Cloud technologies enable and empower employees. And they have drastically changed the nature of work. The fact is that disruption is ongoing, and the future of HR lies in strategically reimagining and re-architecting work itself, to create a future-ready organization and its people.
“Cognitive technologies and Artificial Intelligence will boost the entire process of career management, planning and development both from employers and employee perspective. Cognitive technologies can help in identifying and filtering applicable skills for various roles within the organization, and artificial intelligence can support employees skills to various job roles. This then will need to correlate with the respective training programs for career development. With Millenials and Zillenials proportions increasing in the workforce, who want to own and define their own careers, organizations will need to make career options available on the fingertips of their workforce,” Anand said.
“According to a survey done by, McKinsey points out that the pandemic has accelerated the adoption of digital technologies by several years. 85% of respondents said their businesses have somewhat or greatly accelerated the implementation of technologies that digitally enable employee interaction and collaboration. The adoption of automation technologies has also accelerated during the pandemic.

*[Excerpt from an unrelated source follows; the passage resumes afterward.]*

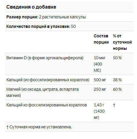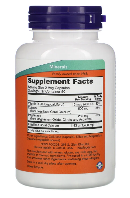 Продукт «Коралловый кальций плюс» от NOW® — это отличный источник щелочной формы кальция, который может помочь поддерживать здоровый кислотно-щелочной баланс. Кроме того, кальций из кораллов содержит микроэлементы природного происхождения, которые важны для здоровья костей, а также для оптимальной ферментативной активности. Продукт «Коралловый кальций плюс» от NOW® производится не из живых коралловых рифов или даже из океанской среды, а из наземных источников экологически чистым способом. В эту формулы добавлены магний и витамин D, играющие важную роль в костном метаболизме.
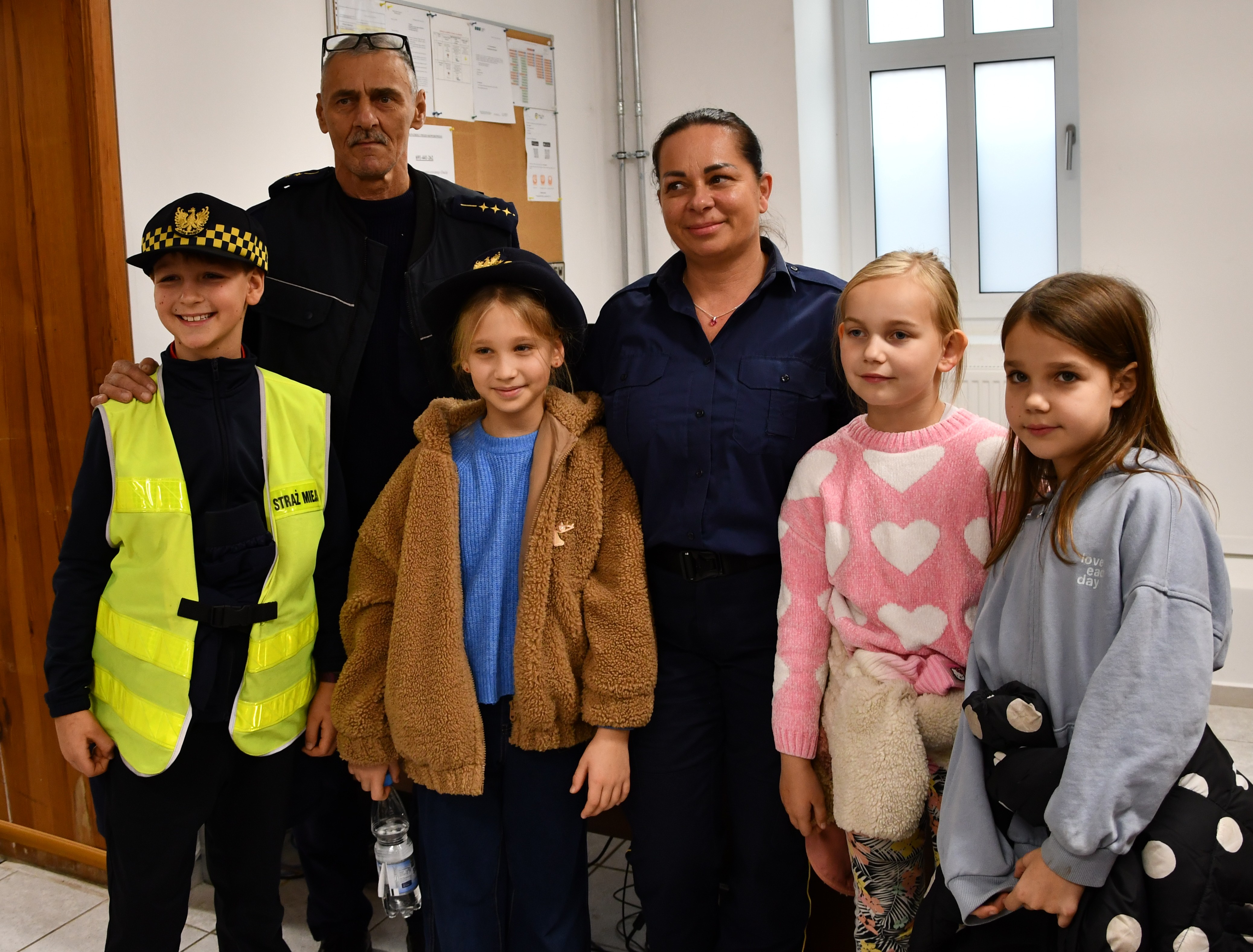Nie zabrakło także spotkania ze Strażą Miejską. Komendant Mirosław Karliński opowiedział o codziennych obowiązkach funkcjonariuszy, prezentując wyposażenie i elementy umundurowania. Każdy uczeń otrzymał na pamiątkę odblaskową opaskę bezpieczeństwa.

These trends reflect automation’s ability to facilitate contactless interactions at a time of social distancing and heightened awareness of hygiene, as well as cost pressures that may arise from the economic slowdown. Adoption of automation and AI has expanded the most among firms that had a greater shift to remote work since the outbreak. Among executives of companies, 80% said they had increased automation, while only 51% of executives from companies that adopted remote work for just a few employees said automation had grown. Some 35% of survey respondents said they would need more workers skilled in automation, AI, and robotics, a reflection of the increased deployment of automation during COVID-19,” said Singla
L&D-OD must design and deploy cloud interventions that are intuitive, user-friendly and dynamic. But mere adoption is not the answer; leaders, managers and employees must embrace an enterprise mindset. Technological tools can help an organization and its people thrive only if its designed to capitalize on unique human strengths.